To get the most out of the Intel Alder Lake chips, you need to be on Windows 11 with its updated scheduler. In most cases, Windows 10 performs well. However, some tests (Cinebench R20, Corona and POVRay) take a significant hit. In short, if you’re going with Alder Lake, you must upgrade to Windows 11 for the best results across the board. That may change with patching and updates in the future, though.

Synthetic Benchmarks

Synthetics provide a great way to determine how a board runs, as identical settings should produce similar performance results. Turbo boost wattage and advanced memory timings are places where motherboard makers can still optimize for either stability or performance, though, and those settings can impact some testing.

In our synthetic benchmarks, the Z690 Aorus Ultra did OK on average, matching but sometimes running a bit slower than some other DDR5 boards we’ve tested so far. POV-Ray and the Procyon benchmark were the slower results, while the others were average or better.

Timed Applications

Starting with the LAME timed test, the Aorus Ultra was slow mixing in with the DDR4 boards more closely than its DDR5 peers. The Ultra’s 10.53-second result is the slowest DDR5 result by nearly a second. That said, this is a tight group of results with only around 2% between the fastest and slowest DDR5 motherboards, so things are right in line with the other datasets.

Corona testing was right at the average. The Aorus Ultra completed the test in 52 seconds, mixing with all results.
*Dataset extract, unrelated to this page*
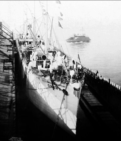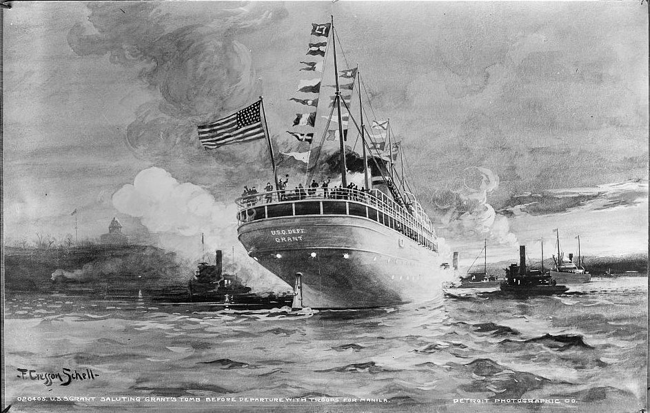 USQMD Transport Grant departing New York, saluting Grant’s Tomb before departure with troops for Manila.

Moving on to Handbrake, the x264 test took 113 seconds, while x265 finished in 302 seconds. Both are average results.

3D Games and 3DMark

Starting with the launch of the Z690 chipset, we’ve updated our game tests. We’ve updated Far Cry: New Dawn to Far Cry 6 and shifted from F1 2020 to F1 2021. We run the games at 1920x1080 resolution using the Ultra preset (details listed above). As the resolution goes up, the CPU tends to have less impact. The goal with these settings is to determine if there are differences in performance at the most commonly used resolution with settings most people use or at least strive for. We expect the difference between boards in these tests to be minor, with most falling within the margin of error differences. We’ve also added a minimum fps value, as that can affect your gameplay and immersion experience.

In F1 2021, the Z690 Aorus Ultra averaged 165 frames per second (fps), with minimums of 141 fps, which is right around our current average. Far Cry 6 averaged 137 fps, with minimums of 126 fps. The minimums are the highest results so far, but most are only a couple of frames behind and not noticeable unless you’re counting.

3DMark Time Spy scored 14,535 (2nd highest result so far), while in Fire Strike Extreme, the 16,958 score is average. Again, even with DDR4, the difference between motherboards in these benchmarks is negligible across the board.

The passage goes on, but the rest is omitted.